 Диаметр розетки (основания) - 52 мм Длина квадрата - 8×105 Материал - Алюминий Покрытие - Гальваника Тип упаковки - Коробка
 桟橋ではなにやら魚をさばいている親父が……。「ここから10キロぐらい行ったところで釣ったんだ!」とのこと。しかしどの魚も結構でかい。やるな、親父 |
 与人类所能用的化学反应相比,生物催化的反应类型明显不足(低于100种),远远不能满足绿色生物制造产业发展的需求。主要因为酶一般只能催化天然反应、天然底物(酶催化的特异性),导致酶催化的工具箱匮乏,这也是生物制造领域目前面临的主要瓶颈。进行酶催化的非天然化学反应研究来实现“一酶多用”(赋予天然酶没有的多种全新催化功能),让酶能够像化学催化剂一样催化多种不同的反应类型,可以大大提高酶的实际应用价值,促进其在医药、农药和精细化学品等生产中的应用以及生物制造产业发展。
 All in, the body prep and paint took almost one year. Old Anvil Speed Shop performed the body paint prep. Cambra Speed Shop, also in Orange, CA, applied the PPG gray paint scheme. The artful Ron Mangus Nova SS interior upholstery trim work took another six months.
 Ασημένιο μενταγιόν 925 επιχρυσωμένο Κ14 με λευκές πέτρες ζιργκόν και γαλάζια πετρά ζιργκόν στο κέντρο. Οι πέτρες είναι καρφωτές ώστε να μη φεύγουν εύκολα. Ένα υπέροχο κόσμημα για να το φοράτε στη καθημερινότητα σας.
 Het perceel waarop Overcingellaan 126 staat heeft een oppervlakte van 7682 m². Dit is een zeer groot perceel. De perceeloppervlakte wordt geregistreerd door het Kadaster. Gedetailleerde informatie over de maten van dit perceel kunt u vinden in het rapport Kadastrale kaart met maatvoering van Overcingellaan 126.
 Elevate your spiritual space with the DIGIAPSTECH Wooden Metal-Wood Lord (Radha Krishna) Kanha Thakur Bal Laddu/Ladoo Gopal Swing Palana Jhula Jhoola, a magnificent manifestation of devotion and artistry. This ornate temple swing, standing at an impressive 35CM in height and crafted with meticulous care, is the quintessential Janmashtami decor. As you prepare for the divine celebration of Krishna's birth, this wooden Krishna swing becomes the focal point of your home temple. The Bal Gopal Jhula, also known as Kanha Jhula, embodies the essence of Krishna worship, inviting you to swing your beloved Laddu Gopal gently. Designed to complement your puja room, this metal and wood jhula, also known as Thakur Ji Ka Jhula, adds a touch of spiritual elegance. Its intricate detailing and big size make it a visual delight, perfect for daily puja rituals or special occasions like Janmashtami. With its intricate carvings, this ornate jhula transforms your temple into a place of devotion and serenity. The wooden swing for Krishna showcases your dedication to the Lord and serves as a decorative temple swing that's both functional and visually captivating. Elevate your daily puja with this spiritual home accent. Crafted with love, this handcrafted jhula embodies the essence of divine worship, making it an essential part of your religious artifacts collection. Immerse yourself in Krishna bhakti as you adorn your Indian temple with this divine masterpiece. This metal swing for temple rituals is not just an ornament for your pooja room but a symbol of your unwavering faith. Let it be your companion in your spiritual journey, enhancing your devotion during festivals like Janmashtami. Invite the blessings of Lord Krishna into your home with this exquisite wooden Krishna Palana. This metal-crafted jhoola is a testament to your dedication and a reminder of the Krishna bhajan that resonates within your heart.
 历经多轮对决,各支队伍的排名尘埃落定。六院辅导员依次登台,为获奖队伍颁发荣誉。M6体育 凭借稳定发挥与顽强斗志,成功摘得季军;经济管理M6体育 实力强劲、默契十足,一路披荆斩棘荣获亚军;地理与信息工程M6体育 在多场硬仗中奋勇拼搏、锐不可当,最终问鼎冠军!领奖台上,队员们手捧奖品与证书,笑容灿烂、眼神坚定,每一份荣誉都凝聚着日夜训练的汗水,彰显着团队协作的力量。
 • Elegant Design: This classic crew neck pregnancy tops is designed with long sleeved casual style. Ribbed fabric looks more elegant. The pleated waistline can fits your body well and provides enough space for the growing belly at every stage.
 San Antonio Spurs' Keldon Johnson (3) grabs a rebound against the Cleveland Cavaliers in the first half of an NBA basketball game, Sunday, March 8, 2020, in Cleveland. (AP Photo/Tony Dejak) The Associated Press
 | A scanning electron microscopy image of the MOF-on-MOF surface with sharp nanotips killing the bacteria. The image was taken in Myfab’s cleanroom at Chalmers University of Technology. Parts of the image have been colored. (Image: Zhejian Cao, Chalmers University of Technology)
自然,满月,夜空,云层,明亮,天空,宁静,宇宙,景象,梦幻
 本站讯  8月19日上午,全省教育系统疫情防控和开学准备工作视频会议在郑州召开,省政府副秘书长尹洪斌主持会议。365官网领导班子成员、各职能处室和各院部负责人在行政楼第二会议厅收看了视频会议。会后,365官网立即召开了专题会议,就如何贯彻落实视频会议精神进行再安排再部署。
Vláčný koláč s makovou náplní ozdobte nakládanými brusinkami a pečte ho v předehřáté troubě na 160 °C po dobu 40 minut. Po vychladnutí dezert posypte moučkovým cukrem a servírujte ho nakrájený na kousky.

Exercise objective >> Looking at the records above, count the lines with the word "body" in them; reply with the number only.

Problem solution >> 2